Updated by Peter Amstutz over 7 years ago
Nico César wrote:
Does this status.json queries the API server to get the information on the "arvados" key? or is something that is already stored in node manager?
It is already stored in node manager.
we've talked about having 2 URLS (/status.json and /status-full.json) https://dev.arvados.org/projects/ops/wiki/Status_URL_for_all_services#Improvements
That makes sense.
The idea behind that is to have minimum impact on the service for a periodic status retrieve ( every second or few second for example, and also save storage on the kibana side )
For node manager, generating status.json is just turning cached dict into a json string, it doesn't wait for any other parts of the programs.
maybe per node detail isn't needed in the status.json.
Ok.
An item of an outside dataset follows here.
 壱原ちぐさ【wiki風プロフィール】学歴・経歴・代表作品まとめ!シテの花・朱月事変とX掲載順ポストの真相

However I think we do want these new fields in status.json: "status", "timestamp", "servicetype", "version", "nodes_max" and "nodes_quota".
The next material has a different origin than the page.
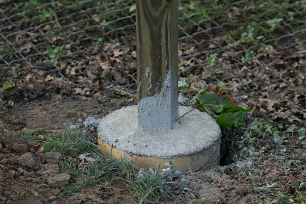 - По вертикали устанавливаются столбы с обеспечением надежной фиксации. Для крепления используется цементный раствор, которым необходимо залить каждую яму. Столбы оставляются на трое суток – это время застывания смеси.

Updated by Nico César over 7 years ago
I'm looking at 1227ea2b5795e34a75c62cb9eae91d46ef7cfb6a
Once thinkg I notice is that we set updates['status'] = "OK", but if anything goes wrong we don't have a "ERROR" or "WARNING" that we can monitor. (of course stack traces end up in the log, but I'm talking about monitoring not about post-mortem)
So one option is to add more try:...except blocks and reflect that there is something with the creation of the status page (WARNING) or a major error that we should address (ERROR).
Any fatal() or warning() should be updating this on the status page too.
Adding a started_at with the GMT time when the daemon was started is a good thing
(added this to the doc)
Updated by Peter Amstutz over 7 years ago
- Target version changed from 2017-06-21 sprint to Arvados Future Sprints
Updated by Tom Morris over 6 years ago
- Status changed from In Progress to Rejected
Updated by Tom Morris over 6 years ago
- Target version deleted (
Arvados Future Sprints)